→ Exercise directions: Print the records exactly and in full, please; the pictures stay out.

======== Task data

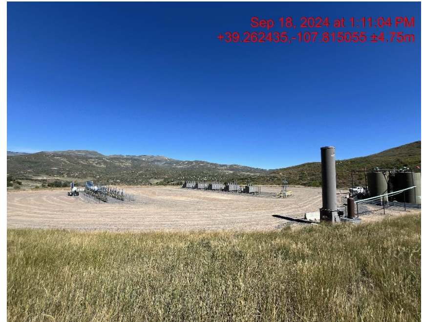
ECD - Photo #06049

Sep 18, 2024 at 1:11:04 PM +39.262435,-107.815055 ±4.75m
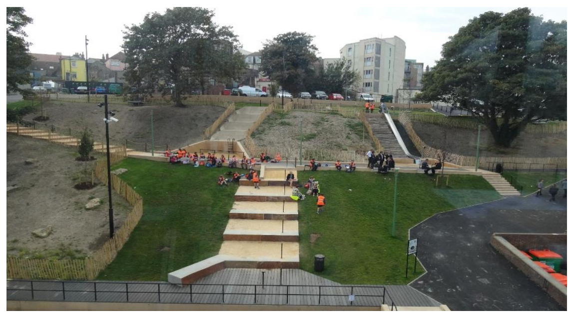
muf architecture/art Payers Park, 2014.
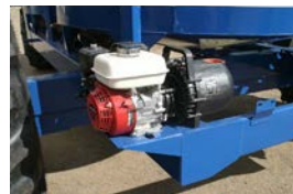
HD13 - 13HP Honda Transfer Pump
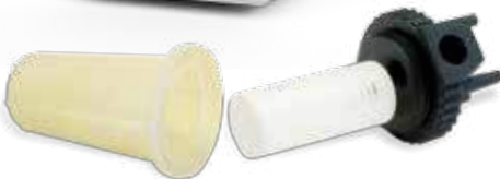
Functional filter prototype printed in clear, white and black rigid plastics

VisiJet M3 materials line delivers toughness, durability, stability, high temperature resistance, watertightness, biocompatibility and castability.

================

→ Result below:
ECD - Photo #06049

Sep 18, 2024 at 1:11:04 PM +39.262435,-107.815055 ±4.75m
muf architecture/art Payers Park, 2014.
HD13 - 13HP Honda Transfer Pump
Functional filter prototype printed in clear, white and black rigid plastics

VisiJet M3 materials line delivers toughness, durability, stability, high temperature resistance, watertightness, biocompatibility and castability.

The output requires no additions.